Updated: Feb 17, 2021
After having memories come in my awareness that had me remembering being hurt, I found myself struggling with them. It was odd that for a couple of days, I couldn't just count on my "positive mindset" to get me to a place where I thought I "was." I thought I was in a good place with those memories and "done." It wasn't just my memories of favoritism that I was dealing with though. It was also other members of my family as well who have been in that mindset. I tried reasoning my way through it by telling myself, "Remember the good times, don't focus on the "not so good." The energy of hurt was still lingering though.
This morning, I remembered something that I often try to use to put perspective on a lot of those issues that can come up, especially if it involves another person. Intention. Did the other person intend to do what they did or did they just not know better? Often, this question that I ask myself will take off a lot of the "heat" of the anger or the "sting" of the pain that I find myself in. With that, many times I can at least get myself to a place of acceptance. It's not saying what was done was right or wrong. But there are plenty of times where we hold onto feelings of anger, sadness, etc., because we are only thinking about our side of it.
Sometimes we think to ourselves, "They should know better." Really? How many times have we hurt others without intending to do so? Hopefully we learn from those situations. But that's the thing. Not all of us learn the same things at the same time.

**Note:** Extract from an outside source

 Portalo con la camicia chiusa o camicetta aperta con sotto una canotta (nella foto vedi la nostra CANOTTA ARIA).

And especially as adults, do we have conversations with the other person(s) about what is going on or do we just get angry, sad, etc., and then become bitter about it without even letting the other person know? We can apply the same consideration to those who we still feel hurt us, but are no longer either in our lives or have passed.

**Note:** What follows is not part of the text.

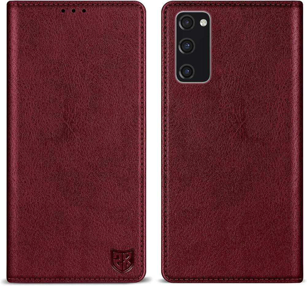 Wallet Case for Samsung Galaxy Note 20, Luxury Genuine Leather Folio Flip Cases Cover with Magnetic Buckle Card Slots, Khaki

And to be clear. This is not about denying our painful memories. I know my guidance would say something from a higher level of understanding. But how can we find peace in our minds for those things that we wouldn't label as "trauma," or "abuse", but we still find ourselves coming back to in our minds and feeling good about?
This morning, I eventually remembered a situation where I felt I needed to end a relationship. However, what happens if we say the following in our minds to those we've hurt unintentionally? What if we imagine our loved ones who hurt us unintentionally, saying this to us?
"I'm sorry I didn't love you the way you wanted/needed to be loved."
I was able to find my way back to acceptance. The mindset of, "I'm still hurt." dissipated rather quickly for me. I'm still there too. It feels better in my mind and in my heart. We all have different ways of expressing our love and that word "love" alone, means so many different things to each of us. Sometimes we just aren't on the same page. Sometimes we make assumptions about what is or isn't loving based on our own ideas and experiences. Are we open to having those sometimes difficult conversations if we're still able to do so? Maybe it doesn't have to be so difficult, but just honest. "Hey, I don't know if you realize that I felt ____ when this happened with us."
So if we're not feeling love the way we want, does it mean they don't love us? And with those who have passed, while we may not have received the love from someone the way we wanted, does it indeed mean that we weren't loved? For most of my issues, the answer is almost always that I indeed am and/or was loved. The love actually does continue from our loved ones from other planes. We connect with our hearts. That doesn't mean we always connect with our minds though. That's a whole different topic though. :)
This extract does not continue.